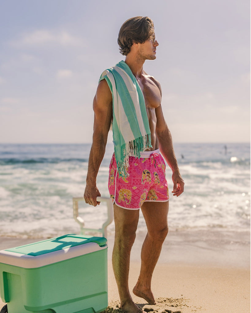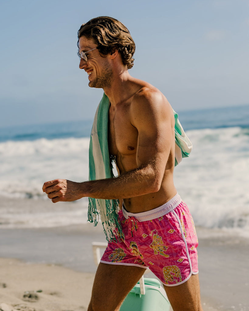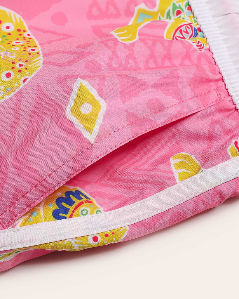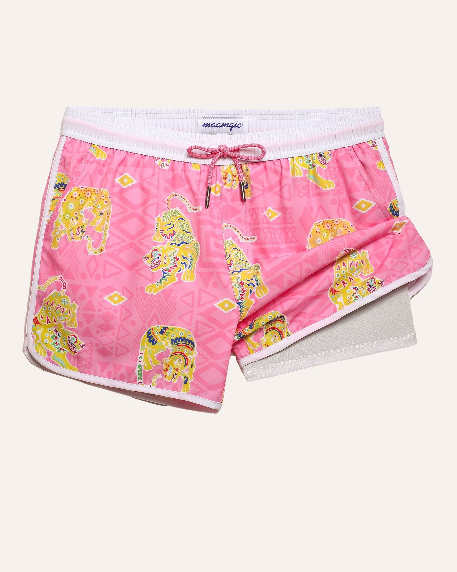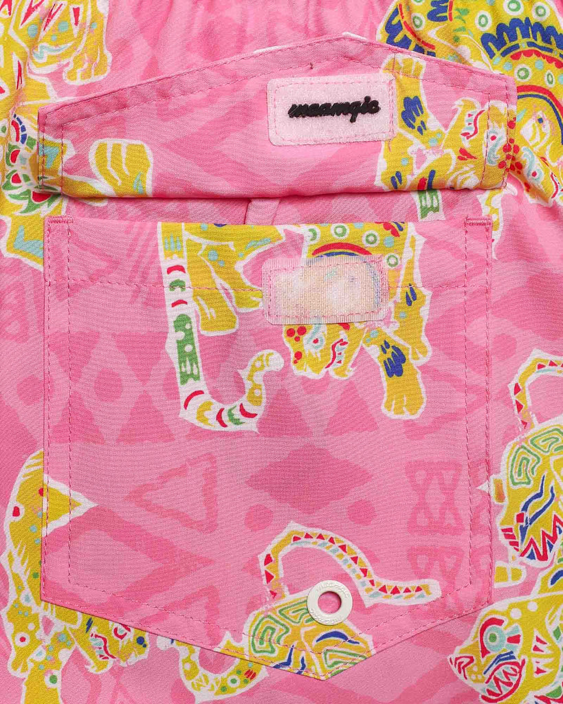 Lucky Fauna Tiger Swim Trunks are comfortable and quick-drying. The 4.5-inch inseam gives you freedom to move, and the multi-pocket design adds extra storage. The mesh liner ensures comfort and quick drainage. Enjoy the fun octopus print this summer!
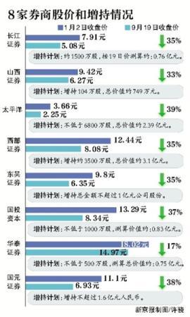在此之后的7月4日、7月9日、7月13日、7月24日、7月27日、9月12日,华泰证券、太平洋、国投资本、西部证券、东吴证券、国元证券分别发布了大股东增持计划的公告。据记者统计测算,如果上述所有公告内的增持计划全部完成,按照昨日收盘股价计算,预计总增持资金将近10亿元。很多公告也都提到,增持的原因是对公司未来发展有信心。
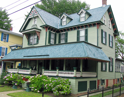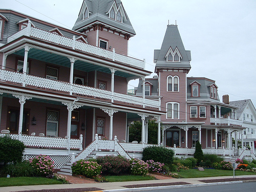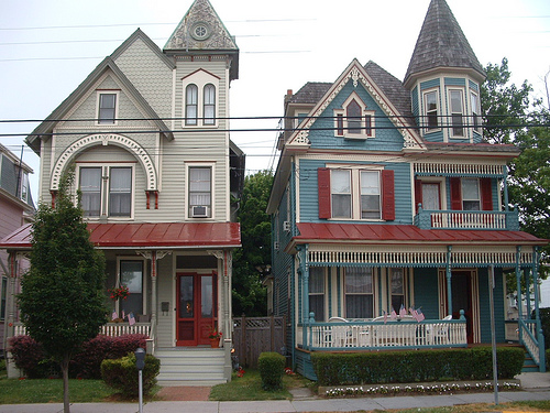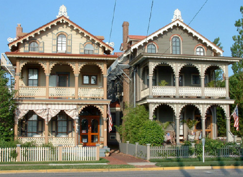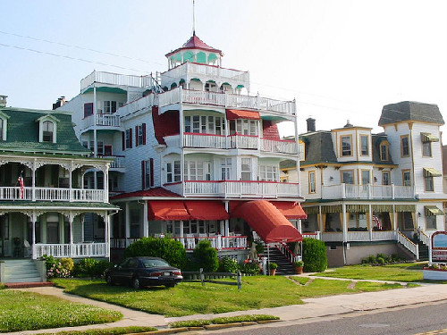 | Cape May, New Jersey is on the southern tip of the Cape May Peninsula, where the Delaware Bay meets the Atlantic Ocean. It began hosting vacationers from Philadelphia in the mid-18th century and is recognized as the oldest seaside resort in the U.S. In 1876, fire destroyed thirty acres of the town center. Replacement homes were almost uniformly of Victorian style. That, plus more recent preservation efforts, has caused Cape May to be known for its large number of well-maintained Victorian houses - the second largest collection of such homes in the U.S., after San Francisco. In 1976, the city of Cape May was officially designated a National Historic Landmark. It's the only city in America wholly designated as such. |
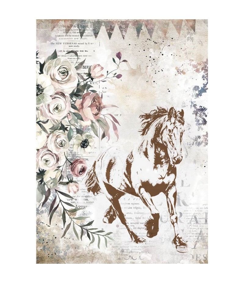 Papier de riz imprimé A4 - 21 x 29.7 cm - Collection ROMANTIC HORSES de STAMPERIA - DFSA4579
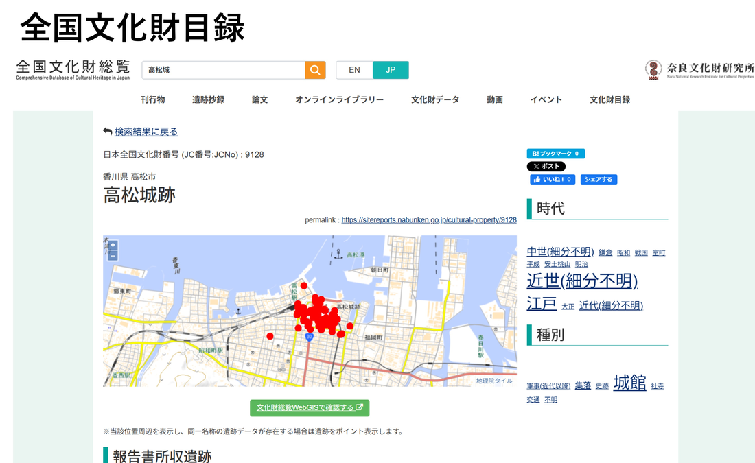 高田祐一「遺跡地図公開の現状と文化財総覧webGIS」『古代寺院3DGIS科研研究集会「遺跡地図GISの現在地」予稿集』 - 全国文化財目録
* * * * * * * * *
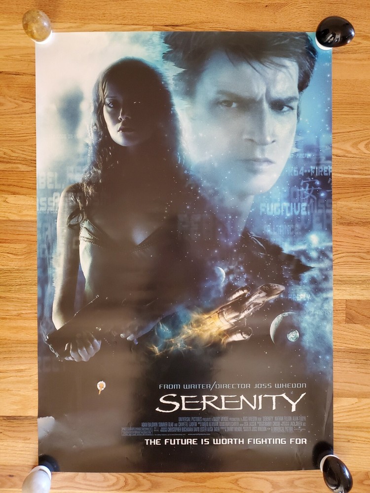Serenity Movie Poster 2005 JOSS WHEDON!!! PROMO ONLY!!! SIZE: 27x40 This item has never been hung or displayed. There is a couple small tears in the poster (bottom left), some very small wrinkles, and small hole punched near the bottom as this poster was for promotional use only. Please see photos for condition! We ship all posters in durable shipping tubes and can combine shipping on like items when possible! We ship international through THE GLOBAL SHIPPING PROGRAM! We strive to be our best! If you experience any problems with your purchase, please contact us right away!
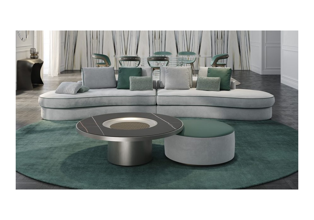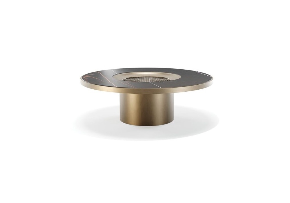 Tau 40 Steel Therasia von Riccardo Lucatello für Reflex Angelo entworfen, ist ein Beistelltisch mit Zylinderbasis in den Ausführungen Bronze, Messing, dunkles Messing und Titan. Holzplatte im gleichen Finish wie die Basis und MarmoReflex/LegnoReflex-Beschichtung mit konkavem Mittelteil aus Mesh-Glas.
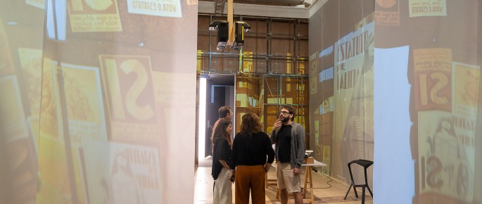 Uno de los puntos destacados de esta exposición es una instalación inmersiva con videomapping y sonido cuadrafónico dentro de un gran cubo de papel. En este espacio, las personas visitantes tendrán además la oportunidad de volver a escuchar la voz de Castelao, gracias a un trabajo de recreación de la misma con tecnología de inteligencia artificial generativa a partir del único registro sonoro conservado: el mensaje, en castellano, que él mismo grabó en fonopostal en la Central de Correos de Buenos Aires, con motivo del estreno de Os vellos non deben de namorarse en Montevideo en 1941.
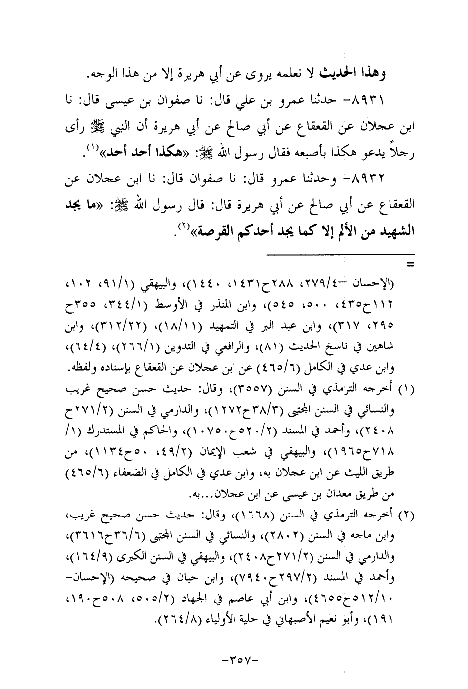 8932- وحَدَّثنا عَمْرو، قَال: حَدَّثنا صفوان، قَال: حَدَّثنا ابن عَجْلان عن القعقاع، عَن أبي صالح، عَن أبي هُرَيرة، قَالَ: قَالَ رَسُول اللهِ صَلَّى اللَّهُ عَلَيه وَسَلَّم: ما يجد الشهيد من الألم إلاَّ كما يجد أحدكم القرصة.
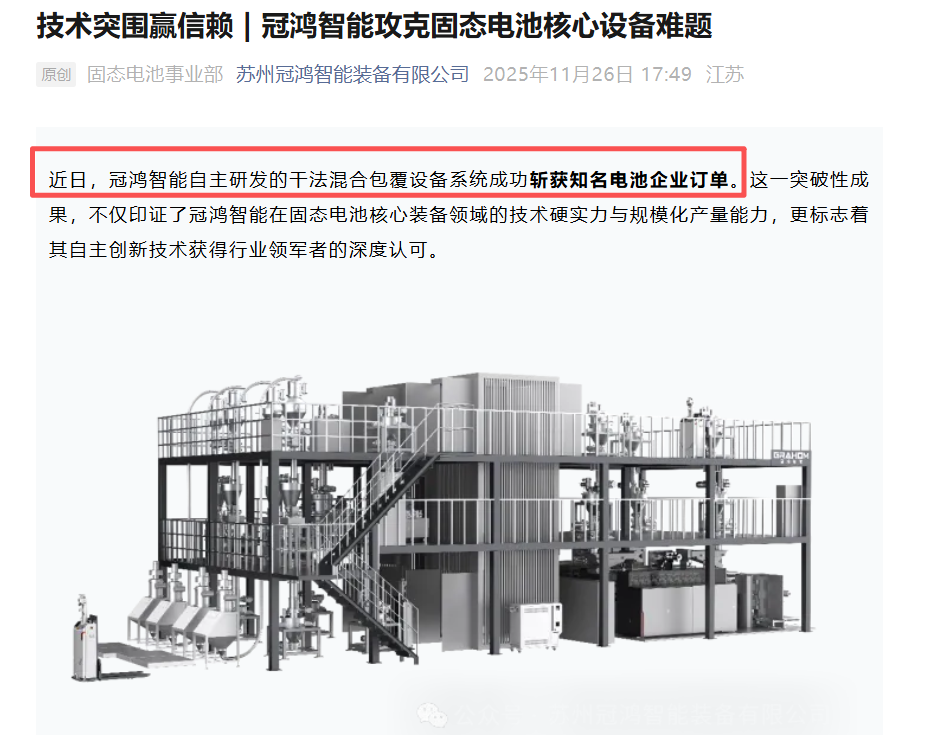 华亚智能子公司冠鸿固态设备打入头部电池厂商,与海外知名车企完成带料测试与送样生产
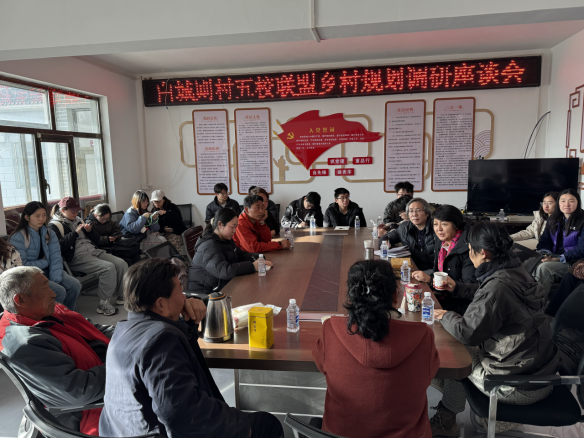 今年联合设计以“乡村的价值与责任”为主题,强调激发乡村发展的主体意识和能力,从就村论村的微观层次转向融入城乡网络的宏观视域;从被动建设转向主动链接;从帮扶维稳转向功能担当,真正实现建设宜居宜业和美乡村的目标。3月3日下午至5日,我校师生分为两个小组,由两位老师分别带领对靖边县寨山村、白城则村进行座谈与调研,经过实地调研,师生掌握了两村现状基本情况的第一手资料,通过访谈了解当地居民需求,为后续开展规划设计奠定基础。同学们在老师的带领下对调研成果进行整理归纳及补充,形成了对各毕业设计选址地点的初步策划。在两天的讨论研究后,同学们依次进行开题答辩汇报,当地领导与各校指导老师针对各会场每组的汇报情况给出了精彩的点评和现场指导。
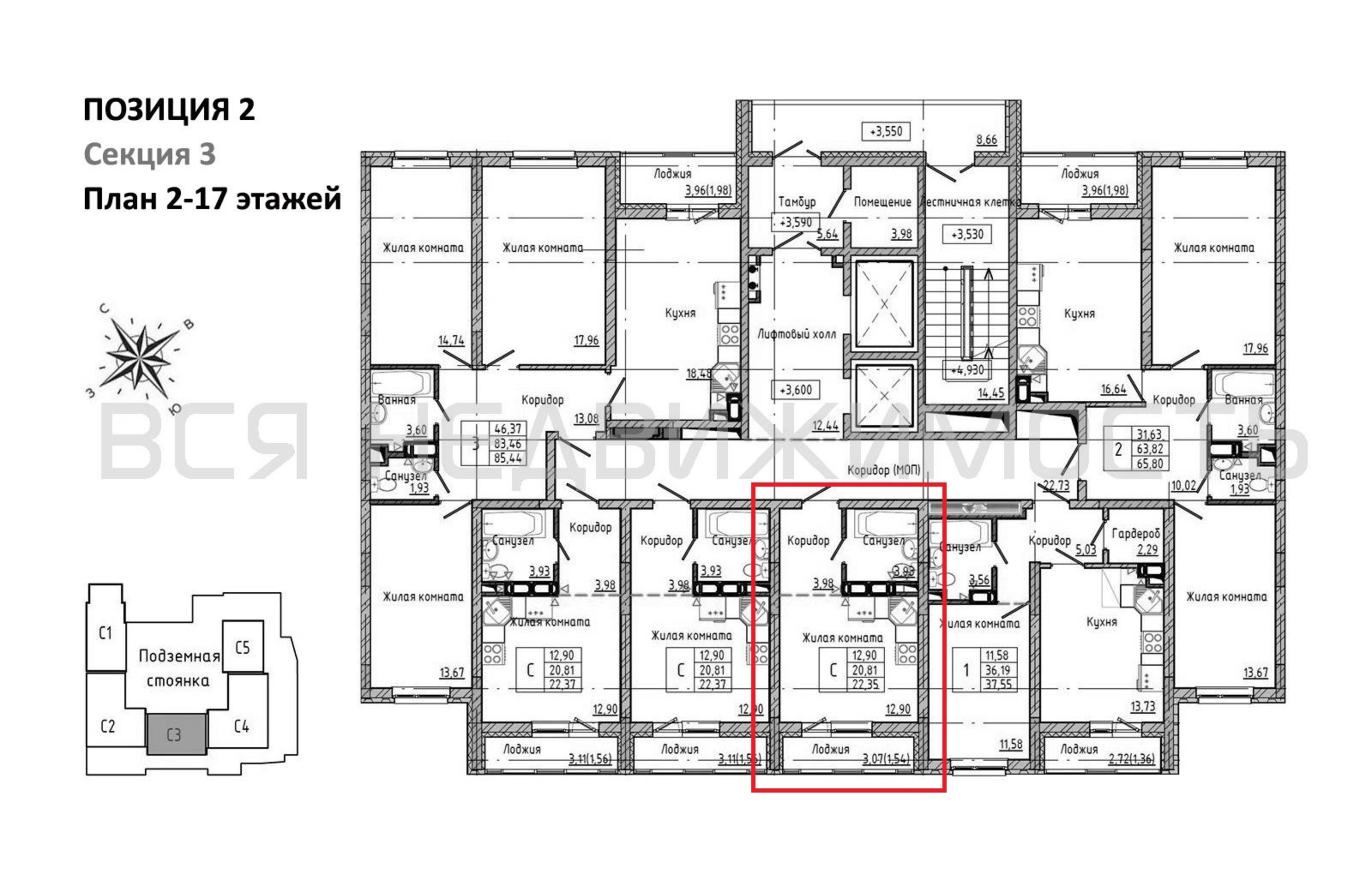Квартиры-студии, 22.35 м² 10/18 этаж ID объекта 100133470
* * * * * * * * *
WORK REQUIRED
Both the line above containing "Uno de los puntos" and the line containing "华亚智能子公司冠鸿固态设备打" belong in the copy, along with every line between them; print these exactly and omit the pictures.

SOLUTION TO THIS TASK
 Uno de los puntos destacados de esta exposición es una instalación inmersiva con videomapping y sonido cuadrafónico dentro de un gran cubo de papel. En este espacio, las personas visitantes tendrán además la oportunidad de volver a escuchar la voz de Castelao, gracias a un trabajo de recreación de la misma con tecnología de inteligencia artificial generativa a partir del único registro sonoro conservado: el mensaje, en castellano, que él mismo grabó en fonopostal en la Central de Correos de Buenos Aires, con motivo del estreno de Os vellos non deben de namorarse en Montevideo en 1941.
 8932- وحَدَّثنا عَمْرو، قَال: حَدَّثنا صفوان، قَال: حَدَّثنا ابن عَجْلان عن القعقاع، عَن أبي صالح، عَن أبي هُرَيرة، قَالَ: قَالَ رَسُول اللهِ صَلَّى اللَّهُ عَلَيه وَسَلَّم: ما يجد الشهيد من الألم إلاَّ كما يجد أحدكم القرصة.
 华亚智能子公司冠鸿固态设备打入头部电池厂商,与海外知名车企完成带料测试与送样生产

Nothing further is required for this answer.